Compared to ETT surface electrodes, the ALEs provide similar and stable electromyographic responses with equal sensitivity for recording evoked responses during neural monitoring in thyroid and parathyroid surgery. The ALEs offer significantly more robust monitoring of the external branch of the superior laryngeal nerve. Furthermore, ALEs are contained within the operative field, are totally surgeon controlled, and are unaffected by the potential vicissitudes of ETT position during surgery.

LEVEL OF EVIDENCE

4 Laryngoscope, 128:2910-2915, 2018.

Feasibility of Intraoperative Neuromonitoring During Thyroid Surgery Using Transcartilage Surface Recording Electrodes

BACKGROUND

Intraoperative neural monitoring (IONM) has gained widespread acceptance as an adjunct to the gold standard of visual identification of the recurrent laryngeal nerve (RLN) during thyroid surgery. Currently, laryngeal electromyography (EMG) recording during IONM is almost always performed using endotracheal tube (ETT) surface electrodes placed adjacent to vocal folds originating from the inner surface of the thyroid cartilage (TC). Therefore, it was hypothesized that surface recording electrodes placed on the outer surface of the TC should enable access to the EMG response of the vocal folds during IONM. The aim of this experimental study was to evaluate the feasibility of the transcartilage approach for laryngeal EMG recording during IONM.

METHODS

A porcine model (12 pigs and 24 RLN sides) with well established applicability in IONM research was used for the experiments.
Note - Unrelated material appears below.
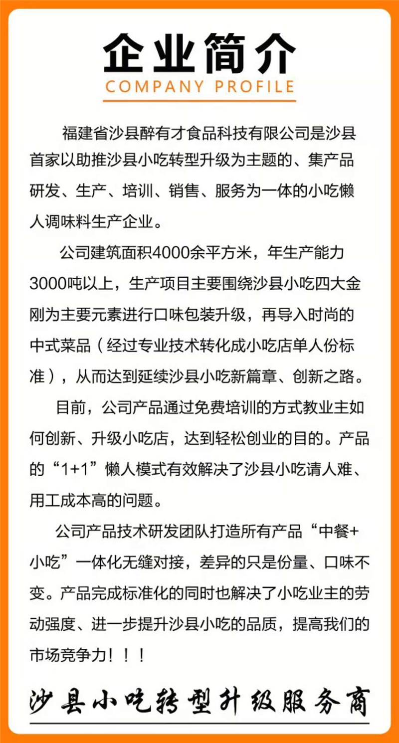 沙县醉有才食品科技有限公司是沙县首家以助推沙县小吃转型升级为主题的、集产品研发、生产、培训、销售、服务为一体的小吃懒人调味料生产企业,目前已自主研发酱料40多款。爱游戏最新网站|中国有限公司官网与醉有才公司本着优势互补、资源共享、共同发展的原则,以传承、创新“沙县小吃”技艺和推进“沙县小吃”转型升级为目标,从技术研发和培训推广两个方面对接合作。

Both ETT electrodes adjacent to vocal folds and adhesive pre-gelled electrodes on the TC were used for EMG recording during IONM. Electrically evoked EMG signals detected by both electrode types were recorded and analyzed. EMG changes during tracheal displacement and RLN traction injury were compared.

RESULTS

Both the ETT and TC recording electrodes recorded typical laryngeal EMG waveforms evoked by a 1 mA stimulus current applied on both sides of the RLNs and vagus nerves (VNs). Under RLN stimulation, the mean EMG amplitudes recorded with the ETT and TC electrodes were 973 ± 79 μV and 695 ± 150 μV, respectively. Under VN stimulation, the mean amplitudes were 841 ± 163 μV and 607 ± 162 μV, respectively. When upward displacement of the trachea was experimentally induced, the TC electrodes showed less variation in recorded EMG signals compared to ETT electrodes. When RLN traction stress was experimentally induced, both the ETT and TC electrodes accurately recorded the typical EMG pattern of progressively degrading amplitude and gradual recovery after release of traction.

CONCLUSIONS

This study confirms the feasibility of using transcartilage surface electrodes for recording laryngeal EMG signals evoked during IONM in an animal model. However, before practical application of this approach in clinical thyroid surgery, further studies are needed to improve electrode designs by optimizing their shapes and sizes, and increasing their adhesive stability and sensitivity.